List adapted from [25].

Symbols: +, hypothesized positive role of DS/TS; −, hypothesized negative role; 0, no hypothesized role.

Aside from understanding the broad component processes of CER strategies, the MC literature offers novel hypotheses about the neural machinery of emotion regulation. For example, research on MC suggests that CER research should investigate prefrontal influences on the medial temporal lobe (MTL) more broadly, and not simply on the amygdala. If the initial suppression of an appraisal engages DS, for example, hippocampal activity may be suppressed, contributing to successfully reorienting to and encoding a novel appraisal. Similarly, the evidence discussed above that DS efficacy is related to differences in local inhibitory circuits within the hippocampus 58, 60 suggests that there could be a connection between hippocampal GABA and the ability to implement CER techniques that rely on suppression of emotional memories. Parallel GABAergic mechanisms might be important in forms of CER that emphasize amygdala inhibition and the suppression of negative affective states, but might be less important for CER focused on enhancing positive emotion [56].

Concluding Remarks

Emotion regulation is the ability interrupt or alter the generation of emotional states [19]. Because many emotions we experience in daily life stem from recall of emotionally charged memories, the capacity to control whether and when such recall occurs must be a central emotion-regulation mechanism. In this article we have explored how this mechanism might be employed and support different forms of CER. Although we hope to have offered a convincing argument in support of this perspective, there remains a great deal of work to be done (see Outstanding Questions) to map out how MC supports emotion regulation. For instance, while we believe that MC capacities play a central role in CER, there are several other factors (e.g., working memory capacity, emotional constitution, and executive control abilities aside from inhibition, to name but a few) that influence the capacity to engage in CER. An important topic for future research will be to map out how such factors and MC abilities for both emotional and non-emotional memories interact in determining individual strengths and weaknesses in CER. Importantly, however, we predict that MC will emerge as a key factor because of the central role of memory in emotional processing. Ultimately, therefore, we believe that an understanding of the human ability to surmount the compulsions of our past must be grounded in a mechanistic account of how our memories of that past are controlled.

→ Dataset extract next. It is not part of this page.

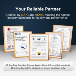 - Install with Confidence: SR SUN RISE Shower System has cUPC Certification and compliance with the following standard(s): ASME A112.18.1-2018/CSA B125.1-18. Designed for use with standard 1/2″ U.S. plumbing connections.

To what degree are the psychological and neural mechanisms supporting affective control coextensive with those supporting general MC?

Can the emotion associated with an event be inhibited without affecting its mnemonic content? Does inhibiting an emotion fundamentally require inhibition of the thoughts and memories that precipitated it?

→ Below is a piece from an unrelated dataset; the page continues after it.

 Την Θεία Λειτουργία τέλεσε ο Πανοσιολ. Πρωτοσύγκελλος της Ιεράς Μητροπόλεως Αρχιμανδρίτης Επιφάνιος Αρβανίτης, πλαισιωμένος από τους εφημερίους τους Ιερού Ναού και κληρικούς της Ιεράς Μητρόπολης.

Do differing approaches to MC vary in whether the forgetting they produce leaves emotional responses intact and free to influence behavior?

Do emotional or high arousal stimuli/memories require special regulatory mechanisms to control, or are they on a continuum with other non-emotional thought contents?

Do MC abilities predict preferences for, and the efficacy of, different emotion-regulation strategies?

Does training someone on MC improve their emotion-regulation ability?

Does reappraisal induce forgetting of stimulus or event details that are not consistent with the new narrative generated?

Are MC abilities similarly important for explicit and implicit forms of emotion regulation?